Optimizing and benchmarking the computation of the permanent of general matrices
Cassandra Masschelein, Michelle Richer, Paul W. Ayers
TL;DR
The paper addresses the challenge of computing the permanent for general (including rectangular) matrices by introducing matrix-permanent, an open-source library that implements the fastest known exact algorithms—combinatoric (naïve), Ryser, and Glynn—and automatically switches among them based on input shape and characteristics. It extends Glynn’s formula to rectangular matrices, documents a robust automatic tuning workflow (including SVM-based boundaries) to dispatch the optimal algorithm, and provides a header-only C++ library plus a Python extension for easy integration. Comprehensive benchmarks on diverse hardware (Apple M1 Pro and Intel Xeon) and matrix classes (random binary and real, identity, ones, and Cauchy) demonstrate that the naïve combinatorial method becomes infeasible quickly, while Ryser excels for rectangular cases and Glynn dominates near-square cases, with precision analyses highlighting stability limits and overflow risks. The work delivers a practical, adaptable tool for researchers across graph theory, quantum many-body physics, and probabilistic point processes, and it is integrated with PyCI for applications in quantum simulations. Overall, matrix-permanent fills a critical gap by providing an efficient, tunable, open-source solution for exact permanent computation across matrix shapes, with broad implications for computational mathematics and physics.
Abstract
Evaluating the permanent of a matrix is a fundamental computation that emerges in many domains, including traditional fields like computational complexity theory, graph theory, many-body quantum theory and emerging disciplines like machine learning and quantum computing. While conceptually simple, evaluating the permanent is extremely challenging: no polynomial-time algorithm is available (unless $\textsc{P} = \textsc{NP}$). To the best of our knowledge there is no publicly available software that automatically uses the most efficient algorithm for computing the permanent.
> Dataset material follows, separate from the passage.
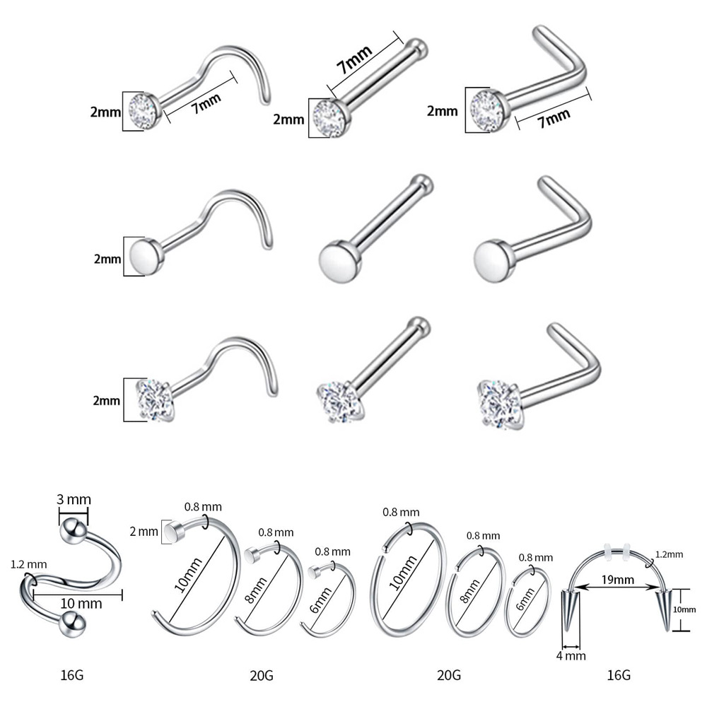 | nameOriginal | Cross-border 119-piece stainless steel puncture jewelry tongue nail nose ring horseshoe bar navel nail eyebrow nail needle set hot sale |

In this work we designed, developed, and investigated the performance of our software package which evaluates the permanent of an arbitrary rectangular matrix, supporting three algorithms generally regarded as the fastest while giving the exact solution (the straightforward combinatoric algorithm, the Ryser algorithm, and the Glynn algorithm) and, optionally, automatically switching to the optimal algorithm based on the type and dimensionality of the input matrix. To do this, we developed an extension of the Glynn algorithm to rectangular matrices. Our free and open-source software package is distributed via Github, at https://github.com/theochem/matrix-permanent.